When one looks at the way in which Kingston begins in her book The Woman Warrior, one can clearly see that she understands the basics of writing as the authors have suggested it should be. Though she is not writing fiction, some of the fundamentals are the same. She is attempting to tell a compelling story, and doing so requires a writer to have some way of bringing the reader into the fold. In order to do this, the author starts with what many might call a very mysterious beginning. The author begins, “’You must not tell anyone,’ my mother said, ‘what I am about to tell you. In China your father had a sister who killed herself. She jumped into the family well. We say that your father has all brothers because it is as if she had never been born’”. One of the challenges for the author is making sense of what her mother is telling her. This is primarily why the book begins not with the author’s own words, but with the words of her mother, who will play a majorly important role in the proceedings. This book serves as a prediction for the seriousness of the discussion at hand, and it helps to introduce some mystery. Not only does it introduce the idea of violence, but it also introduces the fact that family secrets may play an important role in this particular family’s construction. Overall, it is an intensely important part of the work that can ultimately set the tone for the rest of the book that is going to follow.
As the authors of Technique in Fiction note, part of the job of the beginning of the book is to lay out something of a roadmap for what is to come. The beginning of the book, in that way, is a multi-purpose tool.

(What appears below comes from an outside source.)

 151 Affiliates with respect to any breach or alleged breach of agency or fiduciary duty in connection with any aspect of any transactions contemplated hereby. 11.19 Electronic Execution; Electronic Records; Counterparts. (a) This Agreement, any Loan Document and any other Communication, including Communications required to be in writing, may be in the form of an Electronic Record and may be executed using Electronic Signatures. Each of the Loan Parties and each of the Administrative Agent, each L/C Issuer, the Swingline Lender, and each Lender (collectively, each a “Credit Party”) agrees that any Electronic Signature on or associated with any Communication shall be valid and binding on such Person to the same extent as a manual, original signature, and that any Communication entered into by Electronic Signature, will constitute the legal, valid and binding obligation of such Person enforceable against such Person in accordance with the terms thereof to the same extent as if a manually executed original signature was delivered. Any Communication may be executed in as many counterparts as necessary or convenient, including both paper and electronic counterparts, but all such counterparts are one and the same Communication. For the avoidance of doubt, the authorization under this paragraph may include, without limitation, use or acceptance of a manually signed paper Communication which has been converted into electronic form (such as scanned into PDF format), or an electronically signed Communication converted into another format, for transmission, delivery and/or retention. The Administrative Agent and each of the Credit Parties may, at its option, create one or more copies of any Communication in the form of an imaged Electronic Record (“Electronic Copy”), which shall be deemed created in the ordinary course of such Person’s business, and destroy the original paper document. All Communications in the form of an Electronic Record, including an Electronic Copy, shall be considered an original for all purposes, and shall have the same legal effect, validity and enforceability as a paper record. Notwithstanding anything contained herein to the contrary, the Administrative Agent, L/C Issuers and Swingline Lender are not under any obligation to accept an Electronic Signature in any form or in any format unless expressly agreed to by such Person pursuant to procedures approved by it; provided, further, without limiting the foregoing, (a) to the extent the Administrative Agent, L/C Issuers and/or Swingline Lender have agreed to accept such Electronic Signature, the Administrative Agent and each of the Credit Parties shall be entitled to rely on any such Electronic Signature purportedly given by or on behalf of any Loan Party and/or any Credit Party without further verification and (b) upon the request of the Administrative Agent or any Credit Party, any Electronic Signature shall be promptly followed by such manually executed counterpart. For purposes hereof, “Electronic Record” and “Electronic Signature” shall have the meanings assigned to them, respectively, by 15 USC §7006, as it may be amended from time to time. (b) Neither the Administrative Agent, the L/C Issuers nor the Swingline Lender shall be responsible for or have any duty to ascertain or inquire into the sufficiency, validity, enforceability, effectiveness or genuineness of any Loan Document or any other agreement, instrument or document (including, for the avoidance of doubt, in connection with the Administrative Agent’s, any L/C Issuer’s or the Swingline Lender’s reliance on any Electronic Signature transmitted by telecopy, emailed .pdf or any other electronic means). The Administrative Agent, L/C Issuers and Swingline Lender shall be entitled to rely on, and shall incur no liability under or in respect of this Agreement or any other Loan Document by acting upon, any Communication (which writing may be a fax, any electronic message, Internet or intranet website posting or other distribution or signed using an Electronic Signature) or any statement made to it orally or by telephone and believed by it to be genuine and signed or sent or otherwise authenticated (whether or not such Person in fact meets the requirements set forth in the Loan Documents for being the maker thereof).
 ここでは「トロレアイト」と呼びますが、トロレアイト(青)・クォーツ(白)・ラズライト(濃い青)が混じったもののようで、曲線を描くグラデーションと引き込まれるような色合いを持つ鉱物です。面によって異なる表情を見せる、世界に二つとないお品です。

Not only does it bring the reader in and create interest in the story, but it serves to organize the story, as well, for people who are going to be digging through it. It must lay out the foundation of the characters who are going to be discussed, letting the reader know not only who she should care about, but also, why she should care so much about those characters. This is the ultimately challenge, and it is one that Kingston takes on with the beginning of her book.

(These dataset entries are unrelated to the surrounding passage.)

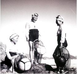Les plongeuses ramassent des fruits de mer comme : les ormeaux, les concombres de mer, les conches, les poulpes, les oursins, des algues brunes, de coquilles supérieures, des huitres, des limaces de mer, etc. , le tout avec un minimum d’équipement !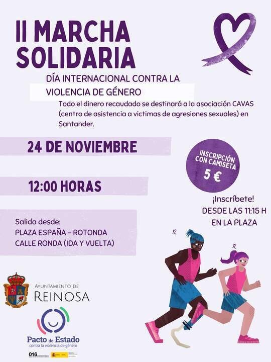 El Ayuntamiento de Reinosa ha organizado, a través de la Concejalía de Igualdad, la segunda Marcha Solidaria contra la Violencia de Género, una actividad con la que este próximo domingo, 24 de noviembre, el Consistorio inaugura los actos previstos para conmemorar el 25N.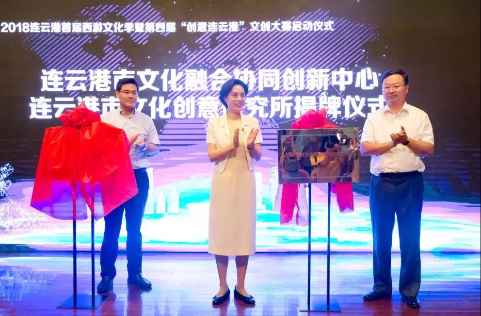 滕雯、宁晓明和杨浩共同为连云港市文化融合协同创新中心和连云港市文化创意研究所揭牌,并启动2018连云港首届西游文化季暨第四届“创意连云港”文化创意设计大赛。连云港市文化融合协同创新中心是市委宣传部与我校艺术学院共建的产学研融合发展中心。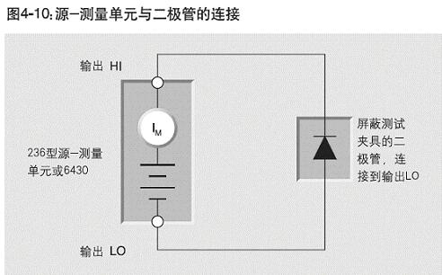 圖4-10 示出如何使用236型或6430型SMU來測量二極管的泄漏電流。236型SMU能夠以10fA的分辨率測量電流,并且輸出需要的偏置電壓。6430型SMU的分辨率為10aA。源-測量單元還可以測量其它的二極管參數(shù),包括正向電壓降和擊穿電壓。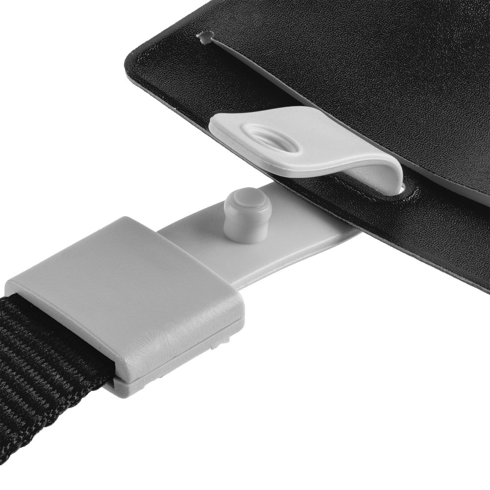 Карман для пропуска крепится к ленте с помощью пластиковой клипсы.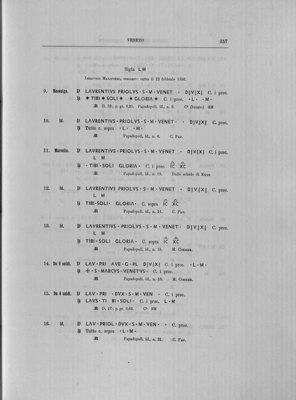 Corpus nummorum italicorum : primo tentativo di un catalogo generale delle monete medievali e moderne coniate in Italia o da italiani in altri paesi , 7: Veneto : Venezia. 1, Dalle origini a Marino Grimani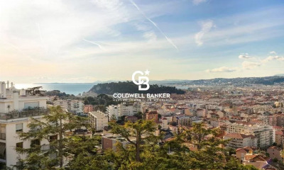 NICE MONT BORON : Located in a quiet cul-de-sac between the Port of Nice and the Mont Boron, with walking access to the sea, on the top floor of a magnificent Neoclassical building built in 1992, this superb 5-room duplex apartment of 143sqm features a dual aspect and is mainly southwest-facing. It comes with a cellar and two closed garages. It comprises an entrance hall, a living room opening onto a terrace with panoramic views of the city and the sea, an office, a separate fitted kitchen, an en-suite bedroom with a dressing room and bathroom, and a guest toilet. Upstairs, there are two large bedrooms, each with its own bathroom and terrace, with plenty of storage space. Boasting plenty of natural light, this apartment in need of refurbishment is perfect for a family, whether as a primary or secondary residence. A must-see! Agency fee included, payable by the seller.

She does not simply tell the reader about herself or tell the reader about the family. Rather, she allows the reader to figure out for his or her own self what the characters are going to be. The reader gets to grow alongside the narrator, and the author comes to see the mother as being somewhat mysterious. This sets the stage for further development, and just as Lanning and Macauley had suggested, it creates the intrigue that must be present in these sorts of story beginnings.